Of course I could still do ArrayList l = new ArrayList() but then when I
wanted to change I'd need to be sure that all internal references to l
were capable of handling the new type,
Of course a long as the new wizzy list thingy still implemented List the
published interface would remain unchanged.

You ask about Writer fw = new FileWriter

Well, same reason really, what happens when you decide to change your
implementation to use the new VeryFancyTCPNetworkStorageWriter class,
all your clients care about is that now they can write much faster
and that they don't need such a big disk (or whatever).
They certainly don't want to hunt down every reference to your component
and change things because you have decided to change the internal
implementation.

Anyway, just my 3 groats worth.
 
P

Patricia Shanahan

Knute Johnson wrote:
....
And why would you not;

Collection c = new ArrayList();

ArrayList seems an unfortunate choice of implementing class, given the
code only needs the common features of Collection. ArrayList makes some
insertions and removals expensive for the sake of efficient indexed
access. Why pay that cost if you don't need indexed access?

Collection does not make it clear whether duplicates are allowed or not,
so I would usually use either List or Set instead.

Patricia
 
K

Knute Johnson

Patricia said:
Knute Johnson wrote:
...

ArrayList seems an unfortunate choice of implementing class, given the
code only needs the common features of Collection. ArrayList makes some
insertions and removals expensive for the sake of efficient indexed
access. Why pay that cost if you don't need indexed access?

Collection does not make it clear whether duplicates are allowed or not,
so I would usually use either List or Set instead.

Patricia

From the docs:

Collection

The JDK does not provide any direct implementations of this interface:
it provides implementations of more specific subinterfaces like Set and
List. This interface is typically used to pass collections around and
manipulate them where maximum generality is desired.

So wouldn't that suggest that Collection should be used instead of List?
 
D

Daniel Pitts

Patricia said:
Knute Johnson wrote:
....

ArrayList seems an unfortunate choice of implementing class, given the
code only needs the common features of Collection. ArrayList makes some
insertions and removals expensive for the sake of efficient indexed
access. Why pay that cost if you don't need indexed access?

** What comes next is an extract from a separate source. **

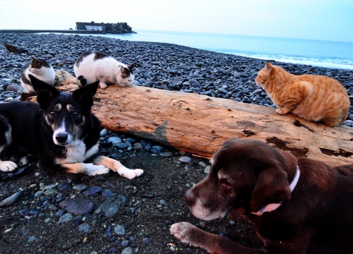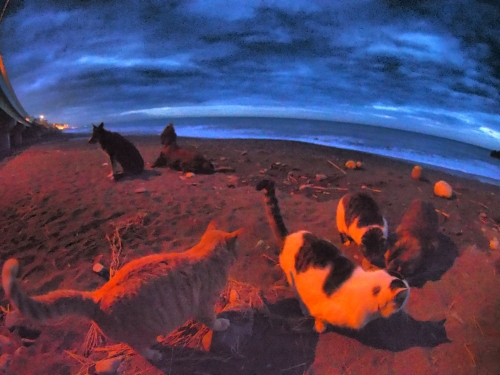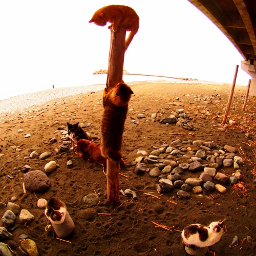 ネコさんたちは杭の周りにたむろしている。

Collection does not make it clear whether duplicates are allowed or not,
so I would usually use either List or Set instead.

Patricia
Although, perhaps you only need to collect things, and leave it to the
generator of the Collection instance whether they want duplication
allowed or ordering.

I think the line would be better off as
Collection c = getSomeThings();

Now, someThings may decide to return a list, set, or some other
implementation of Collection.
 
K

Knute Johnson

Patricia said:
Knute Johnson wrote:
...

ArrayList seems an unfortunate choice of implementing class, given the
code only needs the common features of Collection. ArrayList makes some
insertions and removals expensive for the sake of efficient indexed
access. Why pay that cost if you don't need indexed access?

Collection does not make it clear whether duplicates are allowed or not,
so I would usually use either List or Set instead.

Patricia

And one more question and I'll let this go back to where it was.

Is there any reason to do this for classes created on the stack?
 
H

Hendrik Maryns

Knute Johnson schreef:
From the docs:

Collection

The JDK does not provide any direct implementations of this interface:
it provides implementations of more specific subinterfaces like Set and
List. This interface is typically used to pass collections around and
manipulate them where maximum generality is desired.

So wouldn't that suggest that Collection should be used instead of List?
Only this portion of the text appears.